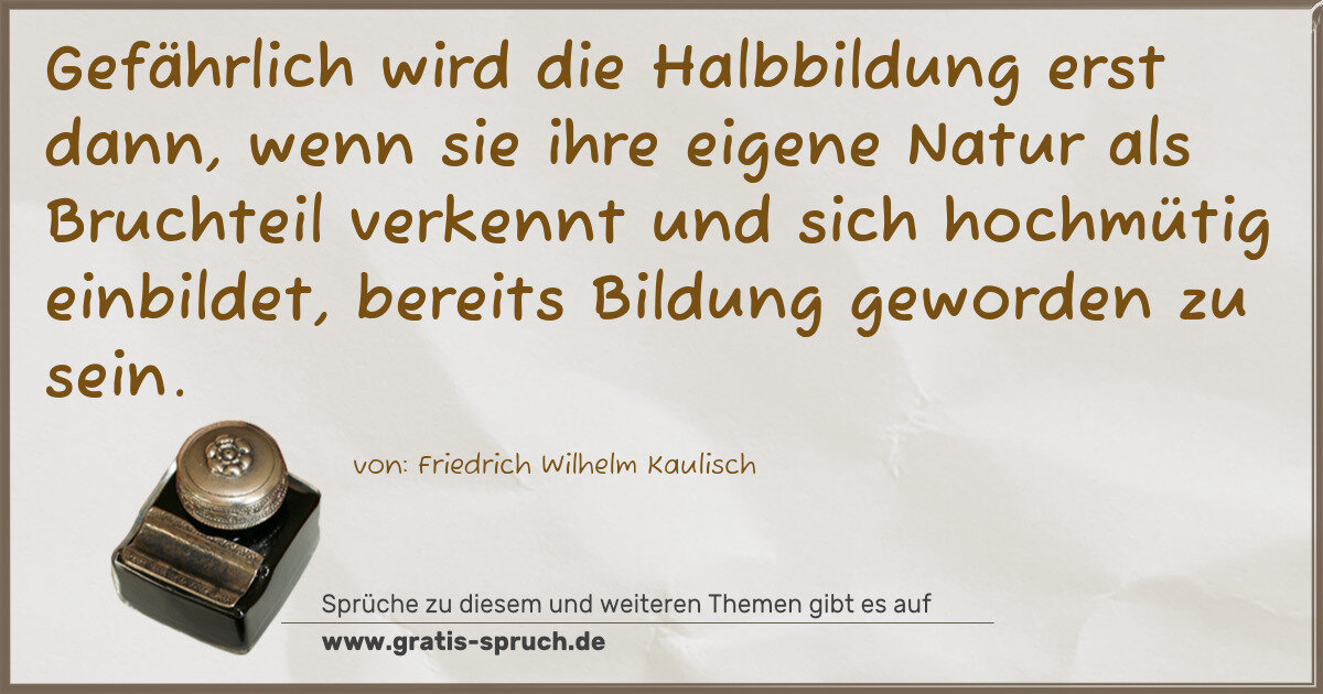 Gefährlich wird die Halbbildung erst dann, wenn sie ihre eigene Natur als Bruchteil verkennt und sich hochmütig einbildet, bereits Bildung geworden zu sein.
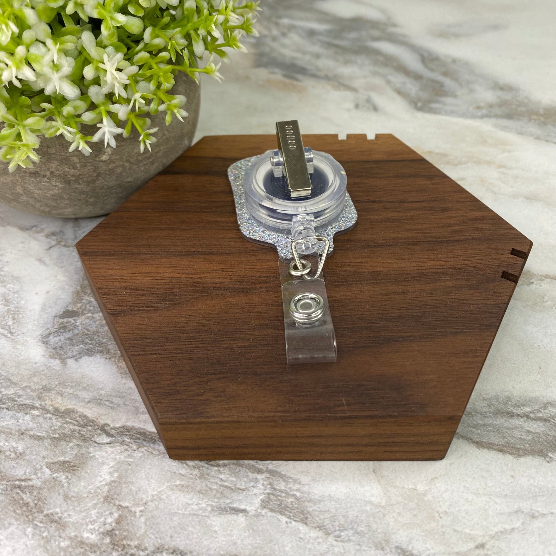 - Comes with a badge reel, clip on the back, with a loop for a ID holder.
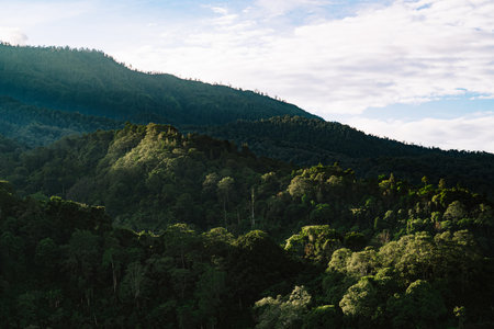 mountains and green trees in the evening.high angle view
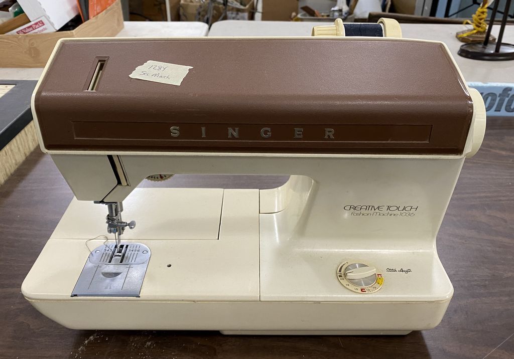 Singer Sewing Machine creative touch. Location Left Metal Shelves Singer Sewing Machine creative touch. Location Left Metal Shelves
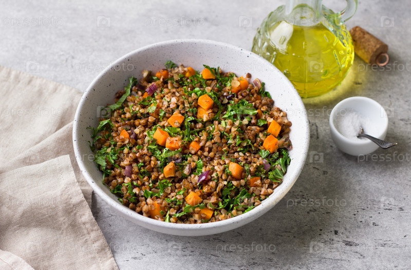 Гречка с овощами и капустой на сером текстурированном фоне, вид сверху. Вкусная здоровая веганская еда
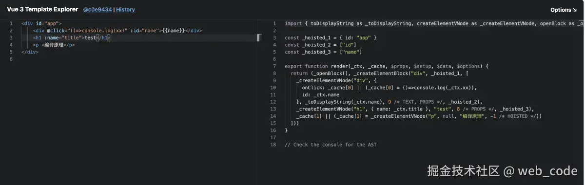 vue模板是怎么从template 编译成js代码(最后转换成render函数,生成VS DOM)的,根据官网例子,可以看到从模版编译到js代码的前后转变;Vue Template Explorer
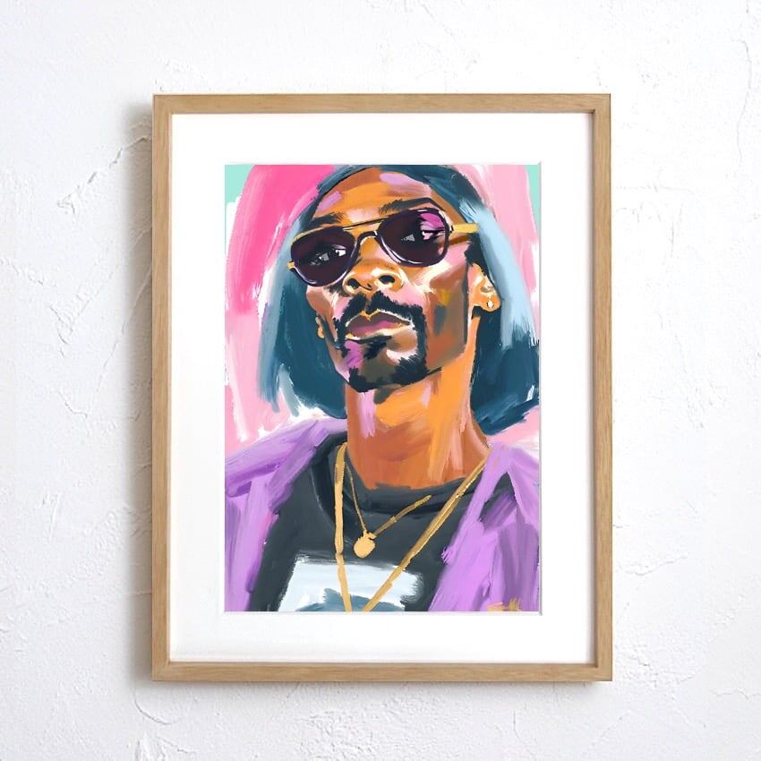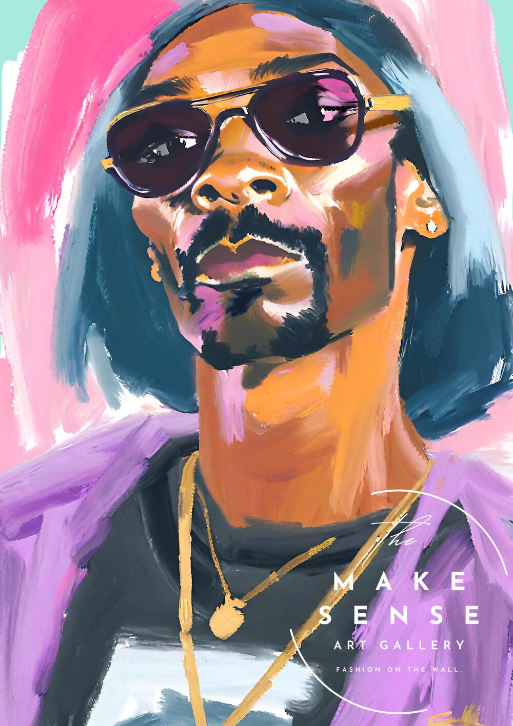 世界的ヒップホップアイコン Snoop Dogg を、ポップで鮮やかな色彩で描き出したポートレートアート。
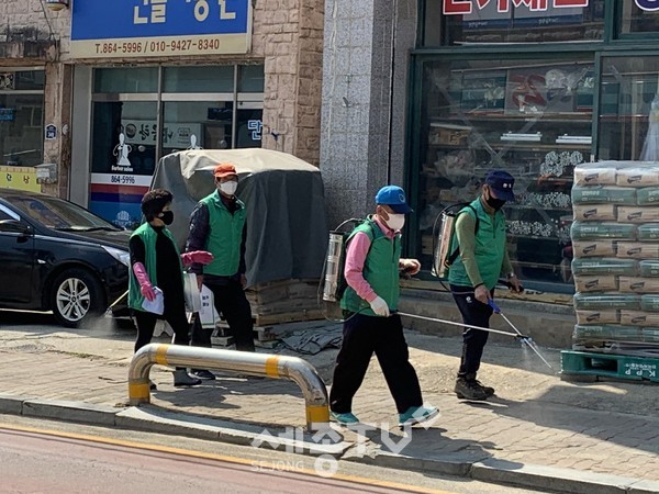 연서면 새마을협의회는 코로나19 확산으로 지역사회의 불안감이 커지자 주민들의 안전을 지키기 위해 3월부터 주 1회 방역 봉사활동을 꾸준히 실시하고 있다.
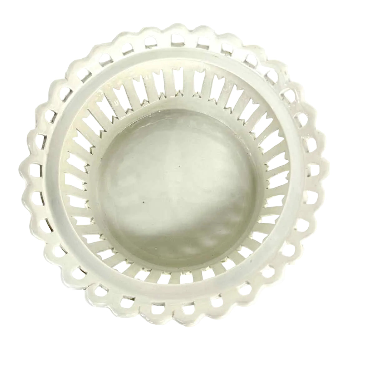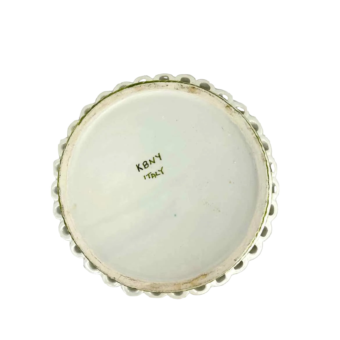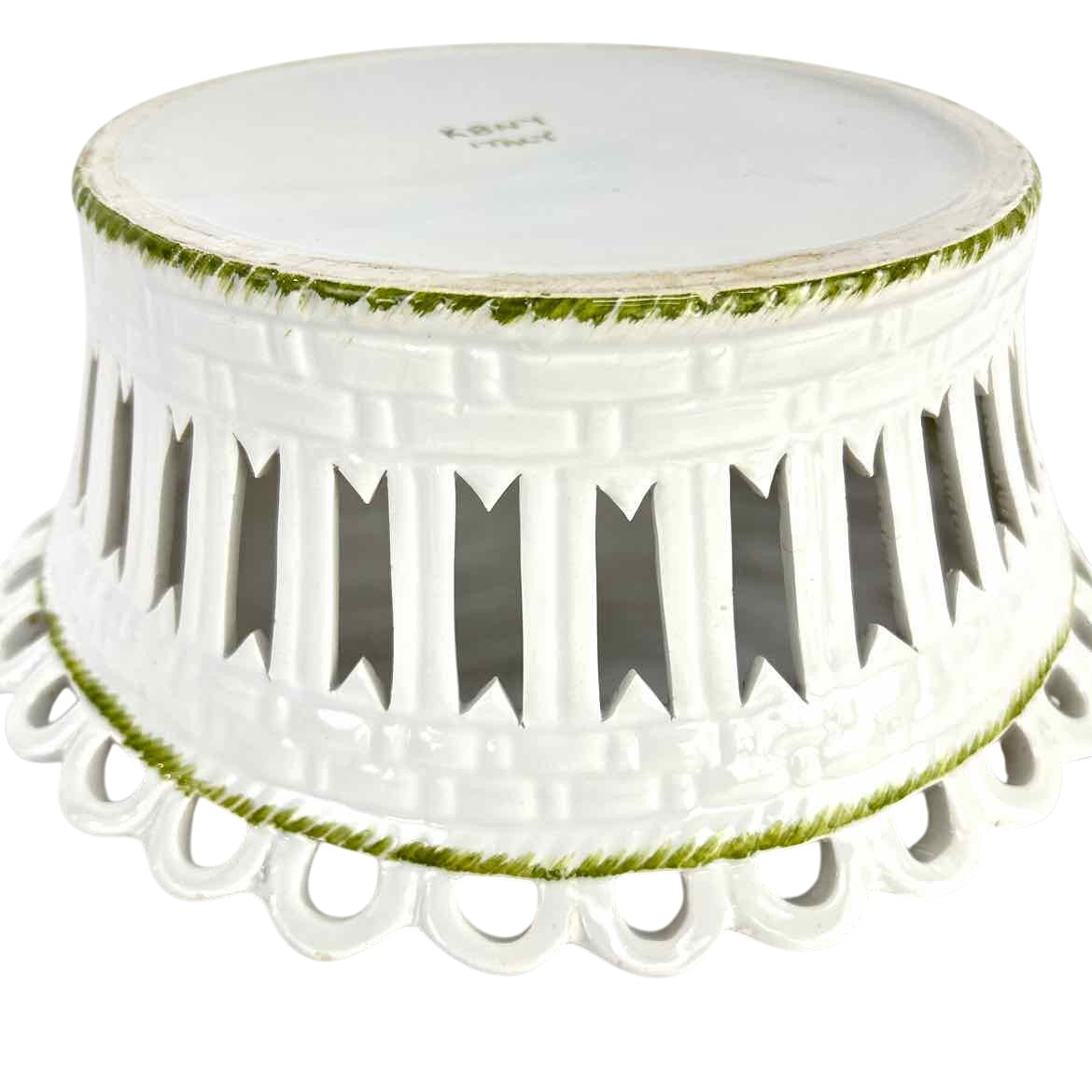 Large Italian pottery fruit bowl or centerpiece bowl with cutout sides and scallop rim, a faux basketweave texture and rope trim in green. In very good vintage condition, gorgeous in a classic home or for a grand millennial.
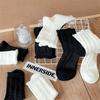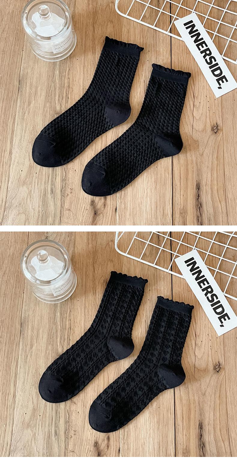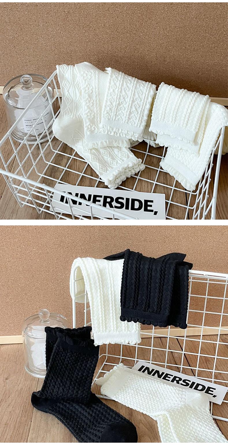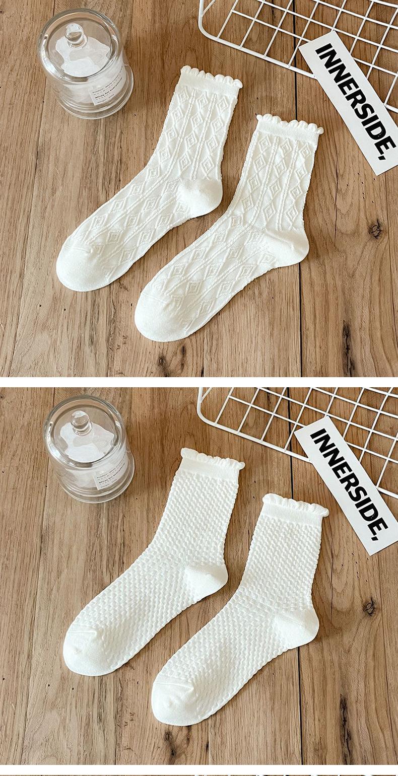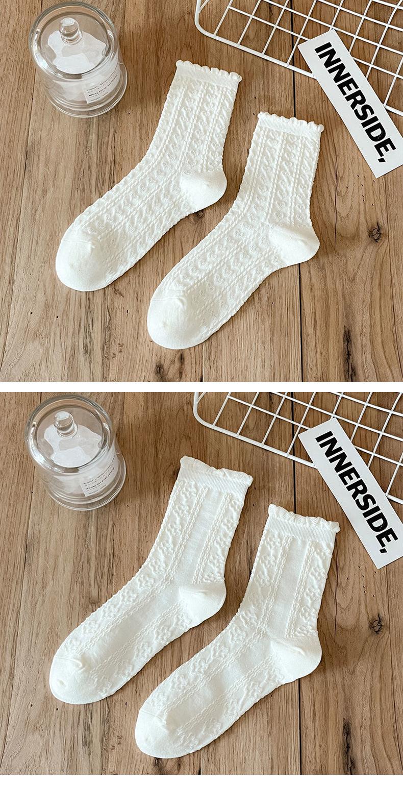Calcetines de verano para mujer, finos, de longitud media, de color liso, en blanco y negro, largos, con encaje, para chicas estudiantes.
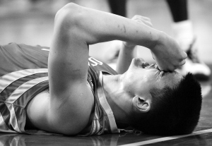 | 7月2日,据NBA官方网站报道,姚明已经决定再次接受脚部手术,有可能在下赛季过半后重返赛场。这是姚明在2009年5月4日火箭队与湖人队的季后赛西部半决赛第一场比赛中,右膝受伤时的资料照片。 新华社发 |
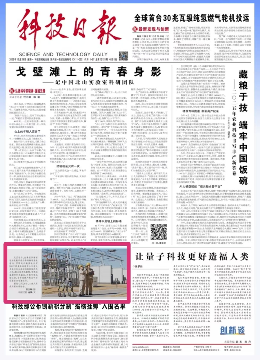 12月29日,科技日报头版刊发图片新闻。报道指出,元旦前夕,在承担田湾核电站电能外送任务的徐圩变电站内,国网连云港供电公司500千伏变电运检中心工作人员通过自主规划巡检航线的无人机,联合运用机器狗、可视化监控等科技装备,开展专项巡检工作,全力保障严寒天气下设备安全可靠运行。
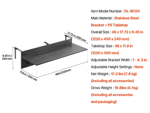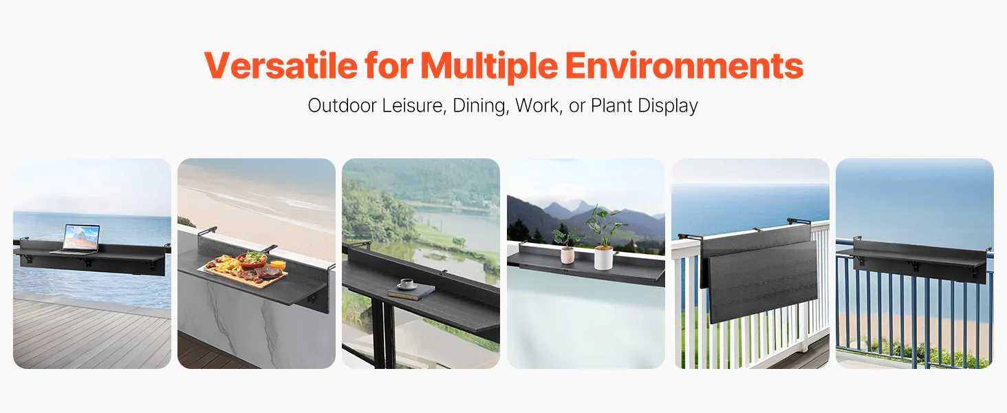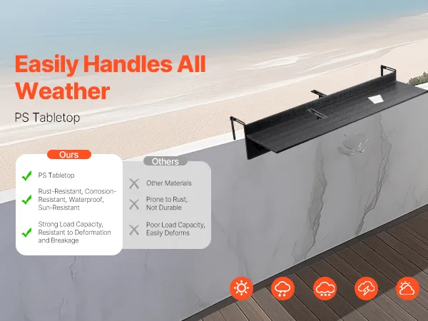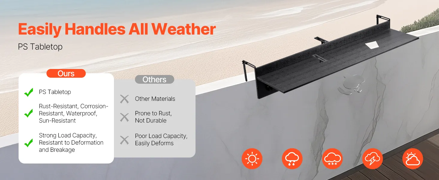 Durable & Rust-Resistant: Crafted with a PS tabletop, premium paint coating, and stainless steel brackets, this balcony railing table is built to resist rust and corrosion. It’s designed to withstand various weather conditions, ensuring reliable performance for long-term outdoor use.

================

The problem :: The expected output is the lines above from the one containing "- Comes with" to the one containing "연서면 새마을협의회는 코로나19", both ends included, reproduced exactly with every picture left out.

Your response ::
 - Comes with a badge reel, clip on the back, with a loop for a ID holder.
 mountains and green trees in the evening.high angle view
 Singer Sewing Machine creative touch. Location Left Metal Shelves Singer Sewing Machine creative touch. Location Left Metal Shelves
 Гречка с овощами и капустой на сером текстурированном фоне, вид сверху. Вкусная здоровая веганская еда
 vue模板是怎么从template 编译成js代码(最后转换成render函数,生成VS DOM)的,根据官网例子,可以看到从模版编译到js代码的前后转变;Vue Template Explorer
 世界的ヒップホップアイコン Snoop Dogg を、ポップで鮮やかな色彩で描き出したポートレートアート。
 연서면 새마을협의회는 코로나19 확산으로 지역사회의 불안감이 커지자 주민들의 안전을 지키기 위해 3월부터 주 1회 방역 봉사활동을 꾸준히 실시하고 있다.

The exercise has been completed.